START EXTRACTED MATERIAL

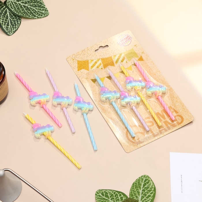 Набор свечей для торта, 4 шт "Радужные единороги", спиральные, разноцветные
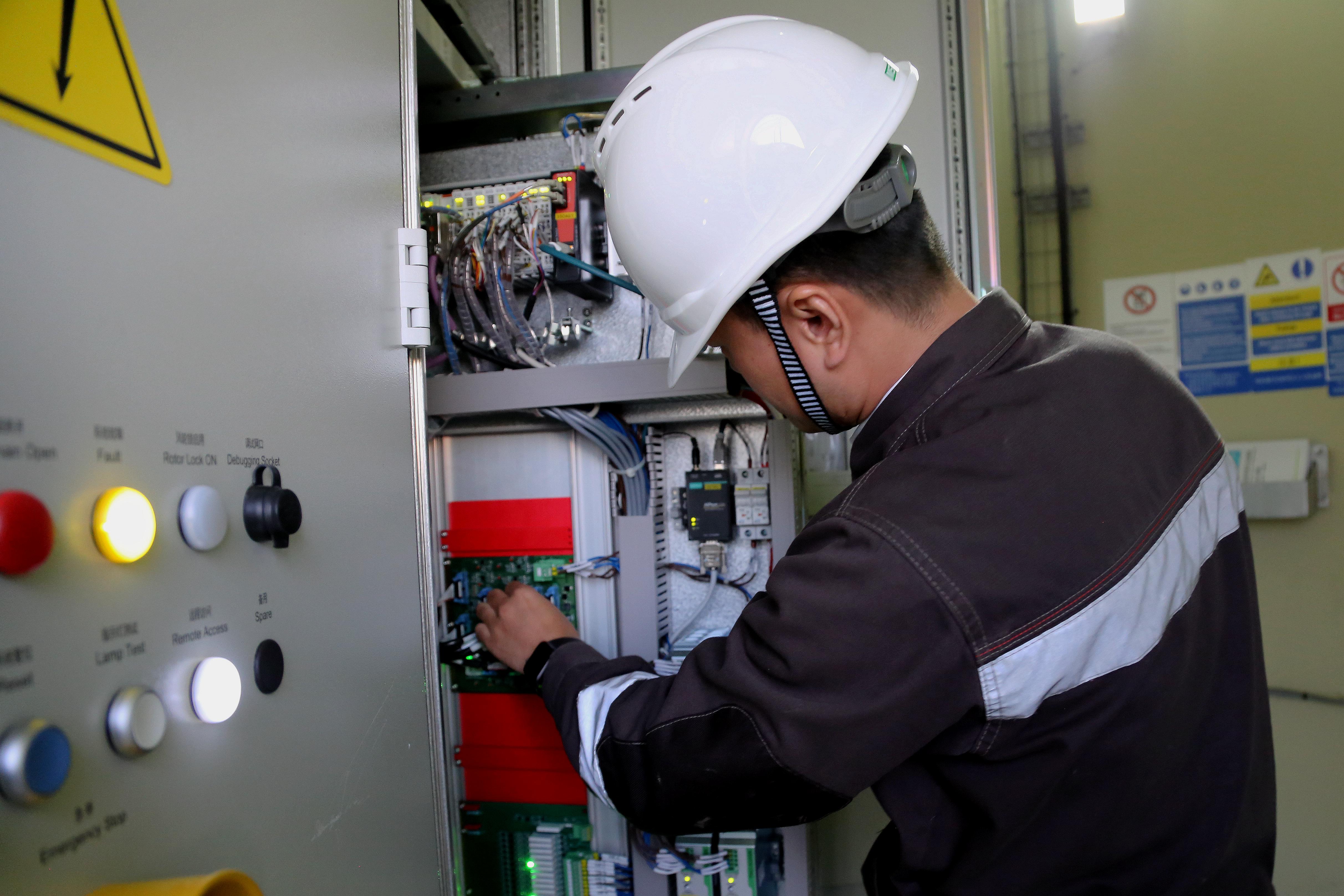 A worker of the China's Shanghai Electric Power Company (SEP) checks the lines inside a wind mill of the Mozura Wind Park in southern Montenegro on Nov. 18, 2019. (Xinhua/Shi Zhongyu)
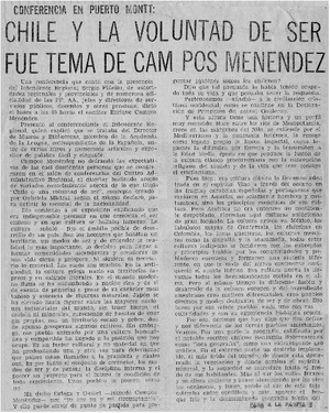 Chile y la voluntad de ser fue tema de cam pos Menéndez. [artículo] El Llanquihue (diario : Puerto Montt, Chile)-- abr. 28, 1982, p. 7-8. .
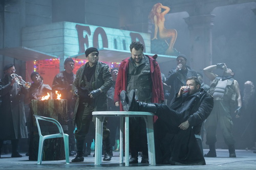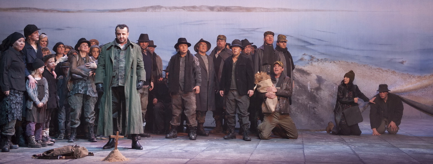Schau­plätze des Dramma lirico sind das Zentrum des udine­si­schen Aquileia, eines Vorläufers Venedigs, und diverse Lager der umher­zie­henden Hunnen wie der bedrängten Römer. Diese entfernt an Bellinis Norma erinnernde, vergangene Welt ist freilich Dietrich W. Hilsdorfs Sache nicht. Der Regisseur, der einmal mehr mit seinem Team, dem Bühnen­bildner Dieter Richter und Kostüm­spe­zia­listin Renate Schmitzer, zusam­men­ar­beitet, verlegt das Ganze in eine Moderne, die sich auch als unsere Gegenwart entschlüsseln ließe. Friede ist wie zurzeit in Nahost nirgends. Richter hat einen in der Höhe imposanten Raum geschaffen, der vergangene Schlachten und die Gegenwart von Folter und Ermordung geradezu atmet. Das ist durchaus auch wörtlich gemeint. Über der Szene, in der es von Soldaten mit Gewehren nur so wimmelt, liegt ständig ein Gemisch aus Ruß und Rauch, deren Summe Fachleute wohl als Feinstaub definierten. Ein Umstand, den ein Teil des Publikums mit manchem Husten­anfall quittiert. Was nicht der Qualm des Krieges geschwärzt hat, ist bunt und grell gehalten. Ein ambulantes Bistro mit Pasta- und Vino- Service sowie TV-Geflimmer verrät ebenso wie ein Pulk von Marke­ten­de­rinnen eine Infra­struktur an Betreuung der Soldaten. Unter­haltung muss sein, während auf einer als Lager­statt ausge­klei­deten Extra-Bühne die Folter­opfer darben und Leichen herum­liegen, weil mutmaßlich der Abtransport nicht organi­siert ist.
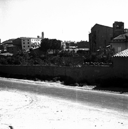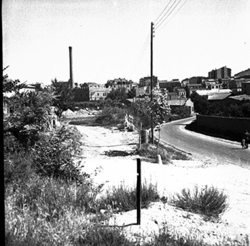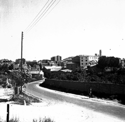 "Final del Carrer Acadèmia, convertit ja en la Carretera Nacional II; al peu del Turó de Gardeny; al fons la Seu Vella"
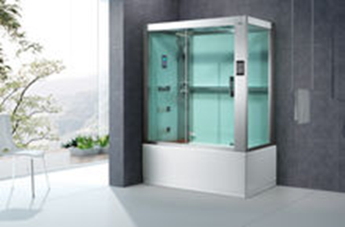 优点:淋浴和蒸汽桑拿在同一房体内,占地面积小。
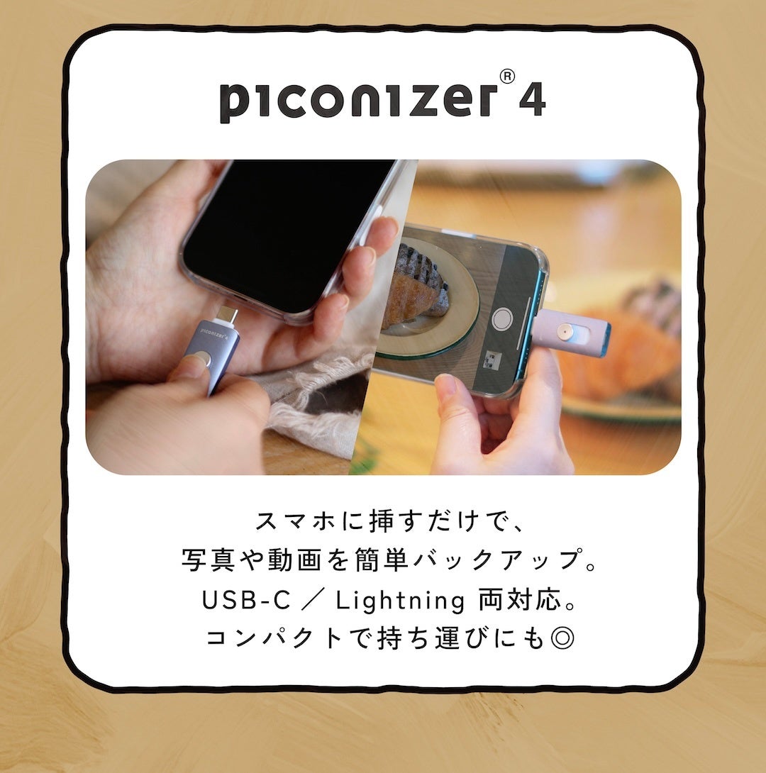 - Piconizer 4: スマホに挿すだけの高速バックアップ。USB-C/Lightning両対応でiPhone・Android・PC間のデータ転送も楽々。専用カメラ機能を使えば、スマホ容量を気にせず写真撮影が可能!15%OFF!
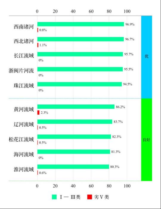1—3月,长江、黄河、珠江、松花江、淮河、海河、辽河等七大流域及西南诸河、西北诸河和浙闽片河流水质优良(Ⅰ—Ⅲ类)断面比例为90.3%,同比上升0.6个百分点;劣Ⅴ类断面比例为0.4%,同比下降0.4个百分点。主要污染指标为化学需氧量、五日生化需氧量和氨氮。其中,西南诸河、西北诸河、长江流域、浙闽片河流和珠江流域水质为优;黄河、辽河、松花江、海河和淮河流域水质良好。
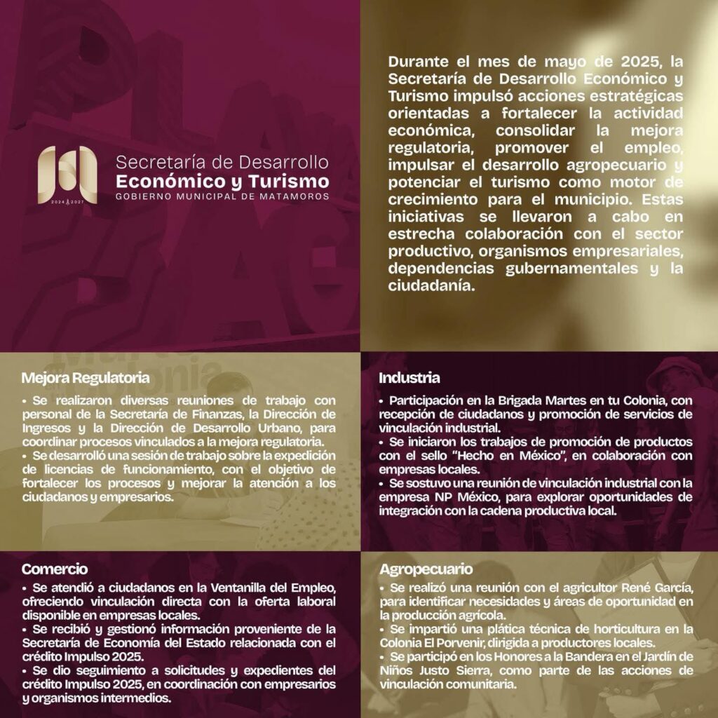 H. Matamoros, Tamaulipas.- Durante el mes de mayo, el gobierno municipal de Matamoros, a través de la Secretaría de Desarrollo Económico y Turismo, puso en marcha una serie de acciones estratégicas que fortalecen la economía local, promueven el empleo y consolidan al municipio como una ciudad con visión de crecimiento. Estas iniciativas responden al compromiso de la Cuarta Transformación de generar bienestar desde lo local, con un enfoque sustentable y de inclusión.
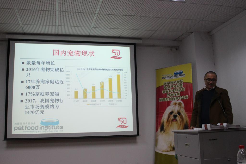 讲座的开始,马老师给同学们简单的介绍了宠物的重要性、宠物伴侣的需求市场、国内宠物的现状和宠物产业的结构几个方面,从而引出了本次讲座的主题——宠物的营养需求。
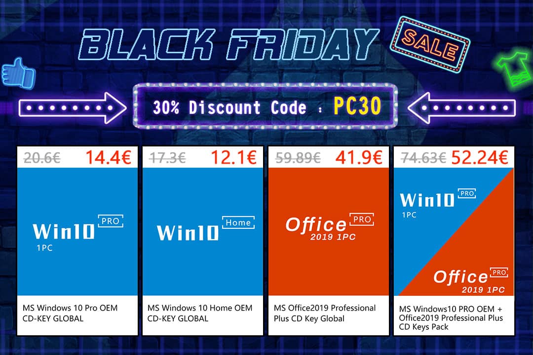 Genuine Lifetime Windows 10 Pro + Office 2019 Pro Plus CD Keys Pack €52,2 (após 30% de desconto com código PC30)
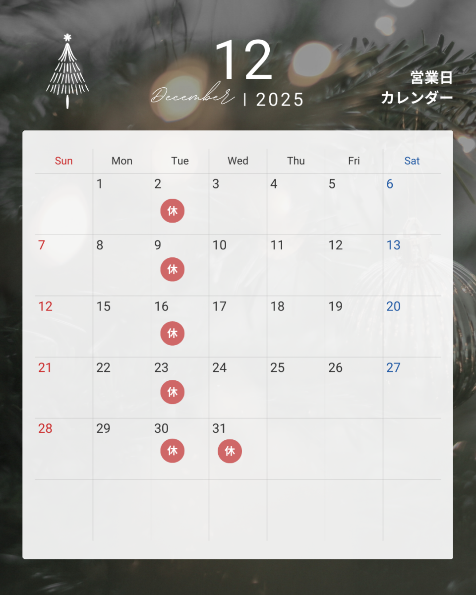 12月 営業日のお知らせ(年末年始の休業12/30~1/4)
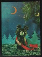 Tarjeta Postal de felicitación por el año nuevo con ilustración de Santa Claus tocando música en el bosque. En el anverso de la postal aparecen las palabras Feliz Año Nuevo en idioma ruso y en el reverso se aprecia un mensaje mecanografiado en idioma español de A.A. Skvortsov, Asesor del Micons.
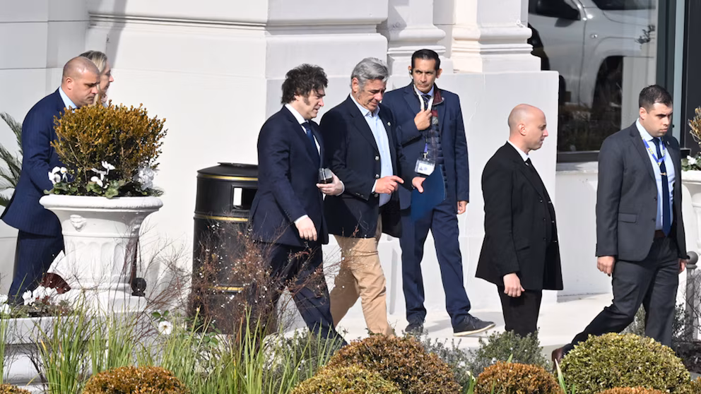 Milei llegó pasadas las 10 a la reunión acompañado por su hermana Karina y por su equipo de prensa. Lo esperaban los titulares de la Mesa de Enlace: Nicolás Pino (SRA), Lucas Magnano (Coninagro), Carlos Castagnani (Confederaciones Rurales Argentinas) y Andrea Sarnari (Federación Agraria). Estaba previsto que el Presidente visitara a los animales que estaban siendo descargados para la expo, pero cerca de las 12 se retiró del predio ubicado en el barrio de Palermo.

END EXTRACTED MATERIAL

TASK STATEMENT — Beginning at the line above that contains "优点:淋浴和蒸汽桑拿在同一房体内,占地面积小。" and going on through the line that contains "1—3月,长江、黄河、珠江、", please copy every line exactly, leaving the pictures out and adding nothing.

SOLVED EXERCISE —
 优点:淋浴和蒸汽桑拿在同一房体内,占地面积小。
 - Piconizer 4: スマホに挿すだけの高速バックアップ。USB-C/Lightning両対応でiPhone・Android・PC間のデータ転送も楽々。専用カメラ機能を使えば、スマホ容量を気にせず写真撮影が可能!15%OFF!
1—3月,长江、黄河、珠江、松花江、淮河、海河、辽河等七大流域及西南诸河、西北诸河和浙闽片河流水质优良(Ⅰ—Ⅲ类)断面比例为90.3%,同比上升0.6个百分点;劣Ⅴ类断面比例为0.4%,同比下降0.4个百分点。主要污染指标为化学需氧量、五日生化需氧量和氨氮。其中,西南诸河、西北诸河、长江流域、浙闽片河流和珠江流域水质为优;黄河、辽河、松花江、海河和淮河流域水质良好。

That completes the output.